Страсти потихоньку накалялись. Уже управляющий потянулся за пистолетом и теперь размахивал им так, будто мог напугать казаков видом оружия.
Сам Бакланов выслушал потоки пустых угроз с прежним выражением скучающего человека, а потом небрежно бросил:
– Вы лучше туда посмотрите, – и кивнул за спины рабовладельцам.
Позади с обеих флангов замаячили всадники в синих чекменях.
Пусть их было немного, но кто мог поручиться, что где-то в складках местности не скрывается полная сотня, а то и не одна?
Судя по растерянному виду большинства прихлебателей Маккуйна, желание угрожать у них куда-то исчезло. Да и сам плантатор недовольно поморщился, однако говорить стал тише.

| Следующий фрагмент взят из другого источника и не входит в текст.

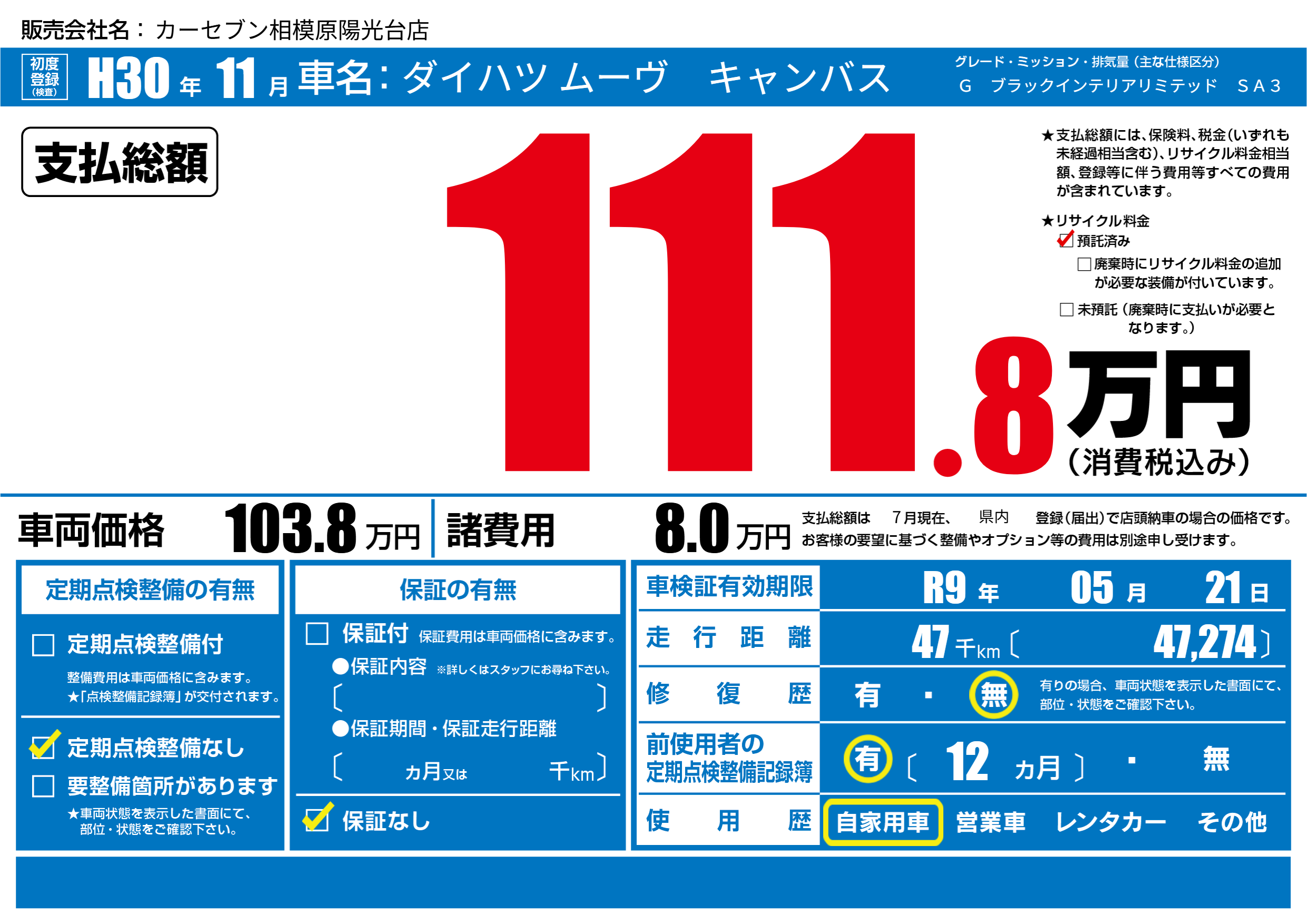 | 定期点検整備 | 定期点検整備なし | ||

Бакланов вновь изобразил процесс письма и как мог повторил руками, что дальше никому из североамериканцев хода нет.
– Ишь чего захотели! – обратился он к казакам, когда преследователи несолоно хлебавши зарысили прочь. – С Дона никогда выдачи не было, теперь и отсюда не будет. Верно говорю, казаки?
2
– Господин капитан, там к вам пришли.
Кастебан с двумя ротами стоял в старом форте посреди обширных степей. Причем старом – в полном смысле слова. Форт был основан едва ли не при присоединении Тешаса к испанским владениям и с тех пор лишь изредка ремонтировался и перестраивался, чтобы устоять под натиском самого страшного врага – времени.
Собственно, укрепления кого-либо интересовали мало. Обстановка вокруг на протяжении последних десятилетий была достаточно спокойной, и старый форт использовался главным образом в качестве казарм.
С одной из рот Кастебан вместе с подошедшим подкреплением не так давно ходил на подавление мятежа. Рассказы о перенесенных трудностях и совершенных подвигах долго были главной темой участников похода как в пределах форта, так и по всем окрестным поселениям, куда солдаты ходили в свободное от службы время. Теперь на них смотрели как на героев, и какая разница, против кого именно они воевали?
Сам Кастебан был представлен к наградам, только утверждения этому поневоле приходилось ждать долго. Пока все бумаги дойдут до Петербурга, пока их подпишет император, пока они будут доставлены сюда…
Но поход по сравнению с обычной службой был настоящим событием. От форта даже до Сан-Антонио было далеко, про прочие города Мексики не стоило и говорить. Глухая дыра, как сказали бы в далекой России. Вокруг сплошная степь, разбросанные тут и там владения, а больше – ничего.
Такова жизнь военного человека. Гвардеец служит при дворе, уделом прочих являются места, то чуть не позабытые Создателем, то позабытые вообще. И ничего тут не поделать.
Был во всем этом и плюс. Кастебан, несмотря на свой не столь большой чин, был старшим воинским начальником на огромной территории. Соответственно, имелся у него и кое-какой посторонний доход, а вышестоящие лица сюда заглядывали редко. Что им здесь делать, генералам да полковникам, когда у них своя жизнь, а у разбросанных там и сям гарнизонов – своя?